Exercise
From the line containing "Koizumi ¥³¥¤¥º¥ß¾ÈÌÀ LED¹âµ¤Ì©SB¥À¥¦¥ó¥é¥¤¥È" to the final line of the material below, return every line exactly. Do not include pictures.

Stored data
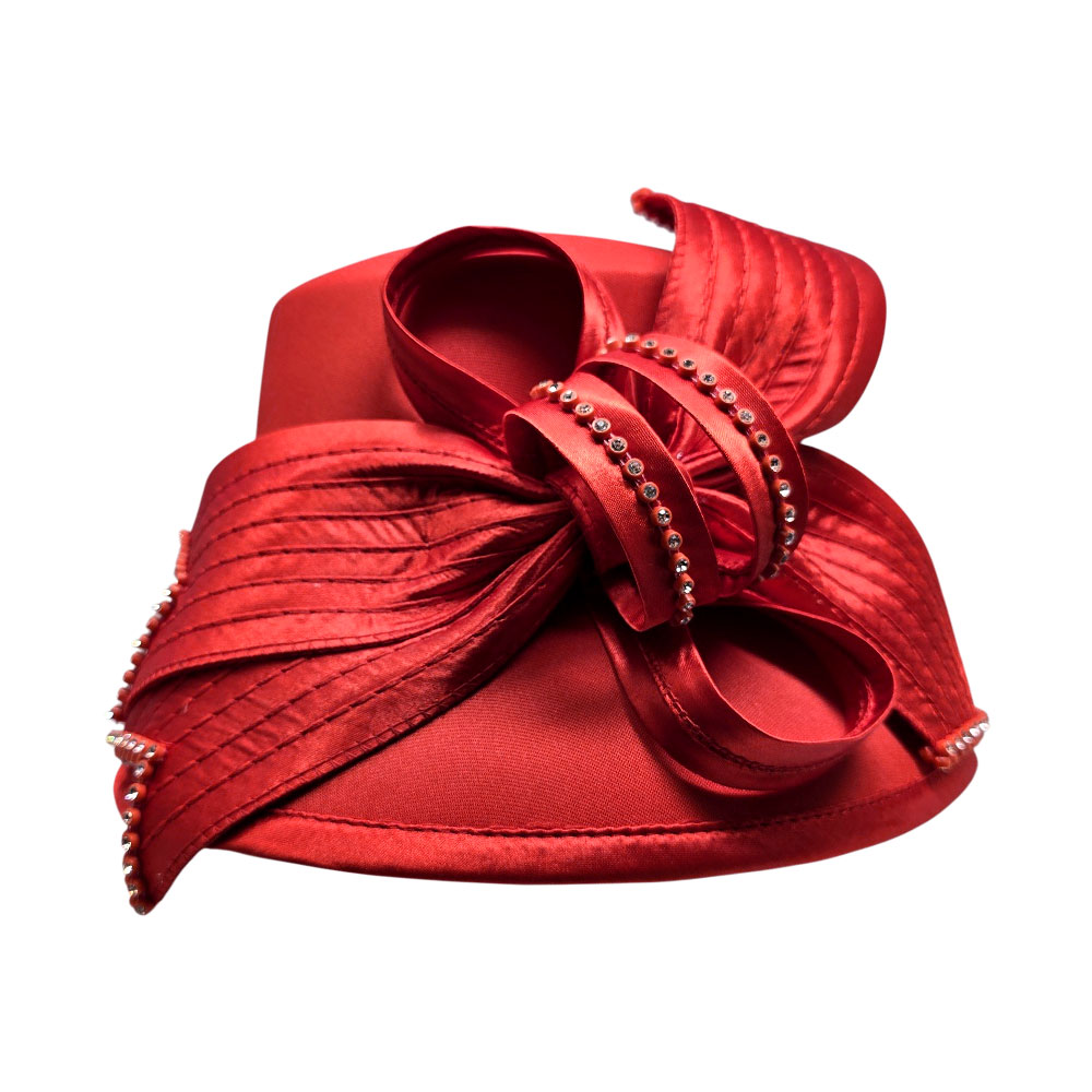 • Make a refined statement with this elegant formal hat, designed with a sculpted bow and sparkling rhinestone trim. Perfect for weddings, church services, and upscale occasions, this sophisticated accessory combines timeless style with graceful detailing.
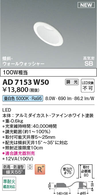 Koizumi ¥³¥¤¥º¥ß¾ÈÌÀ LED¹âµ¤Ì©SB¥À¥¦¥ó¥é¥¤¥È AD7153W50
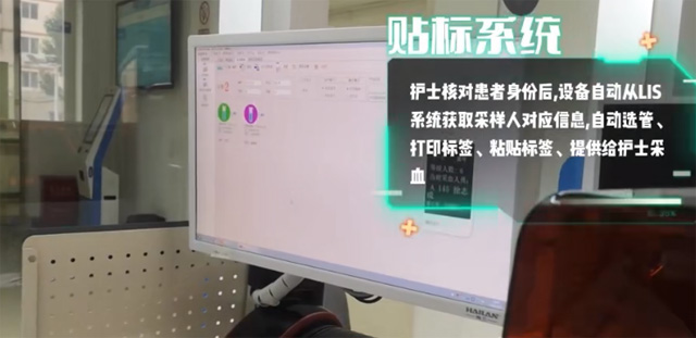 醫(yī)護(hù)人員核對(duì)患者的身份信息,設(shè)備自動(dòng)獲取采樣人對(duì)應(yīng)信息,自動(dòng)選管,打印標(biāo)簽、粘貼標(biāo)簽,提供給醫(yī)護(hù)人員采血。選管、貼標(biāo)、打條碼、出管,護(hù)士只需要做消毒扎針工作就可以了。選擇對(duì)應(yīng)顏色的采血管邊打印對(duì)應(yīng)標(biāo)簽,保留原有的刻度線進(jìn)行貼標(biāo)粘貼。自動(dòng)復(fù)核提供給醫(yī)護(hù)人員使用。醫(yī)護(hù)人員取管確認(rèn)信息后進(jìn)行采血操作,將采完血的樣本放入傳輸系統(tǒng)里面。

Solution
 Koizumi ¥³¥¤¥º¥ß¾ÈÌÀ LED¹âµ¤Ì©SB¥À¥¦¥ó¥é¥¤¥È AD7153W50
 醫(yī)護(hù)人員核對(duì)患者的身份信息,設(shè)備自動(dòng)獲取采樣人對(duì)應(yīng)信息,自動(dòng)選管,打印標(biāo)簽、粘貼標(biāo)簽,提供給醫(yī)護(hù)人員采血。選管、貼標(biāo)、打條碼、出管,護(hù)士只需要做消毒扎針工作就可以了。選擇對(duì)應(yīng)顏色的采血管邊打印對(duì)應(yīng)標(biāo)簽,保留原有的刻度線進(jìn)行貼標(biāo)粘貼。自動(dòng)復(fù)核提供給醫(yī)護(hù)人員使用。醫(yī)護(hù)人員取管確認(rèn)信息后進(jìn)行采血操作,將采完血的樣本放入傳輸系統(tǒng)里面。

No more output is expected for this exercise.